Constructed languages (conlangs) take a variety of morphological alignments. Despite the Indo-European family's typical fusional alignment, most universal auxiliary languages based on the family have ended up being agglutinative morphologically because agglutination is more transparent than fusion and thus furthers various goals of the language creators. This pattern began with Volapük, which is strongly agglutinative, and was continued with Esperanto, which tends to be agglutinative as well. Other languages inspired by Esperanto like Ido and Novial also tend to be agglutinative, although some examples like Interlingua might be considered more fusional. Zonal constructed languages such as Interslavic tend to follow the language families they are based on.

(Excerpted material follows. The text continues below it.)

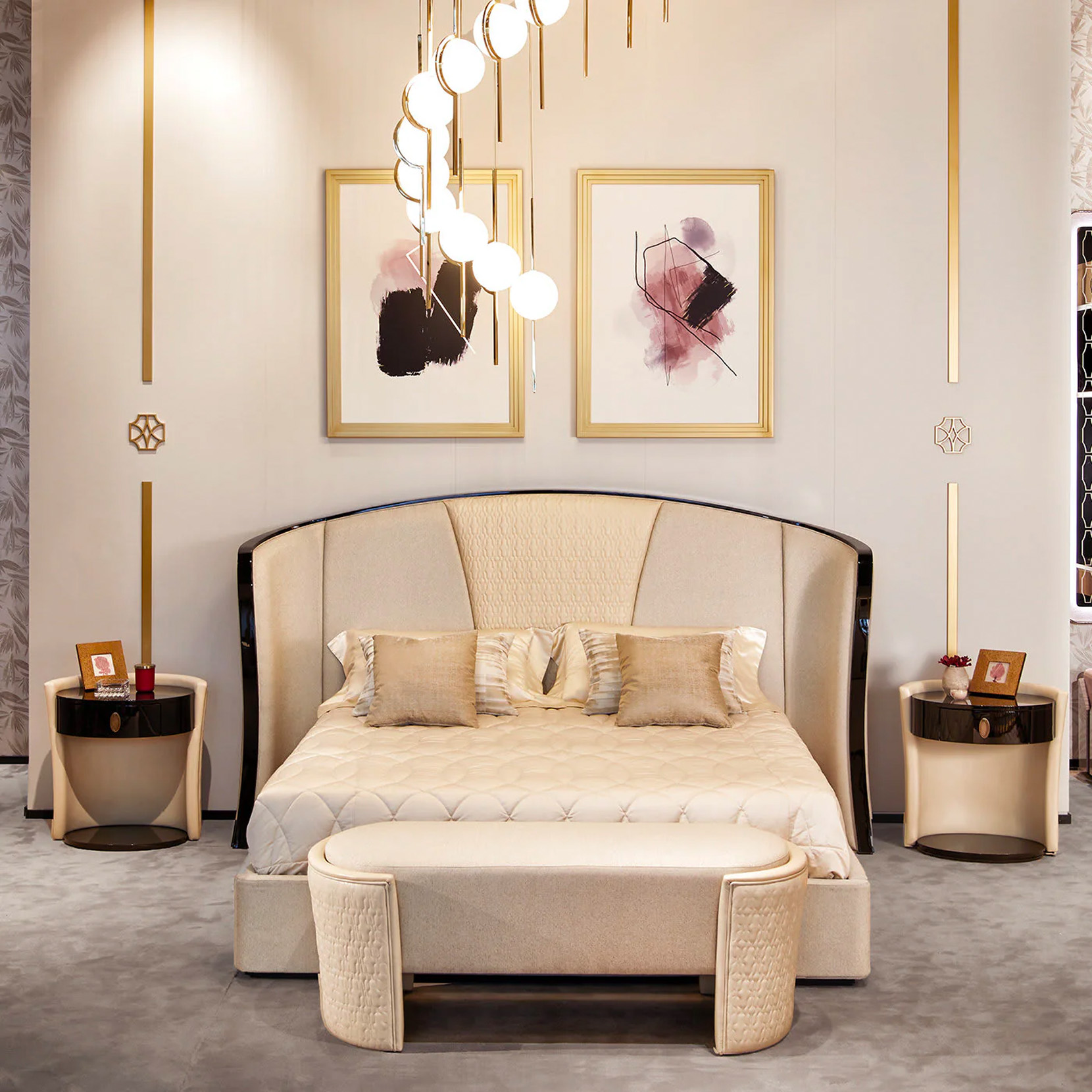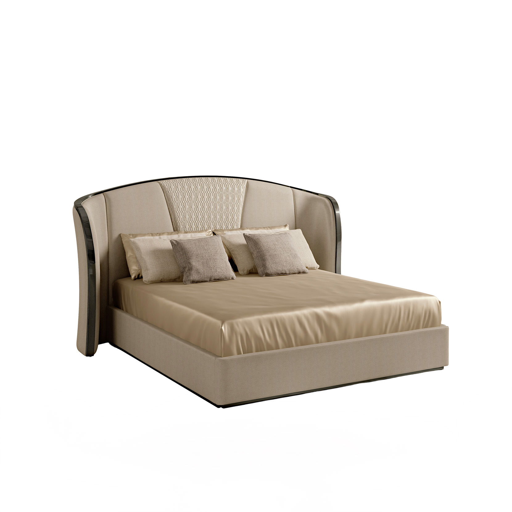Bed with matt lacquered parts, leather upholstery with quilted parts.

Fictional languages vary among J. R. R. Tolkien's languages for the Middle earth universe, for example, Sindarin is fusional while Quenya is agglutinative. Among engineered languages, Toki Pona is completely analytic, as it contains only a limited set of words with no inflections or compounds. Lojban is analytic to the extent that every gismu (basic word, not counting particles) involves pre-determined syntactical roles for every gismu coming after it in a clause, though it does involve agglutination of roots when forming calques. Ithkuil, on the other hand, contains both agglutination in its addition of affixes and extreme fusion in that these affixes often result from the fusion of numerous morphemes via ablaut.

==Interconnectedness==
While the above scheme of analytic, fusional, and agglutinative languages dominated linguistics for many years—at least since the 1920s—it has fallen out of favor more recently. A common objection has been that most languages display features of all three types, if not in equal measure, some of them contending that a fully fusional language would be completely suppletive. Jennifer Garland gives Sinhala as an example of a language that demonstrates the flaws in the traditional scheme: she argues that while its affixes, clitics, and postpositions would normally be considered markers of agglutination, they are too closely intertwined to the root, yet classifying the language as primarily fusional, as it usually is, is also unsatisfying.

===WALS===
The World Atlas of Language Structures (WALS) sees the categorization of languages as strictly analytic, agglutinative, or fusional as misleading, arguing that these categories conflate multiple variables. WALS lists these variables as:
- Phonological fusion – how intrinsically connected grammatical markers are phonologically to their host words
- Formative exponence – the number of categories expressed in a single marker (e.g., tense + number + gender for verbs in some languages)
- Flexivity – allomorphy and inflectional classes such as possessive classification
These categories allow to capture non-traditional distributions of typological traits. For example, high exponence for nouns (e.g., case + number) is typically thought of as a trait of fusional languages. However, it is absent in many traditionally fusional languages like Arabic but present in many traditionally agglutinative languages like Finnish, Yaqui, and Cree.

== Morphological richness ==

The morphological richness of a language refers to the extent to which it employs morphological processes in its grammar. Morphological richness can be measured in various ways, including the number of possible inflectional and derivational modifications of words, the average number of morphemes per word, and how transparently these morphemes correspond to grammatical or semantic distinctions.

Languages can be situated along a continuum of morphological richness. Morphologically poor (or weak) languages such as Mandarin, Haitian Creole, and English use morphology relatively sparingly, with much of their grammatical structure expressed at the phrase or sentence level. Morphologically rich languages such as Chukchi, Navajo, and German encode a large portion of their grammatical information within individual words.

In natural language processing (NLP), morphologically rich languages are often treated as a special class that requires tailored computational approaches. Because they exhibit extensive inflectional variation and complex word formation, they pose challenges for parsing, part-of-speech tagging, and other language technologies.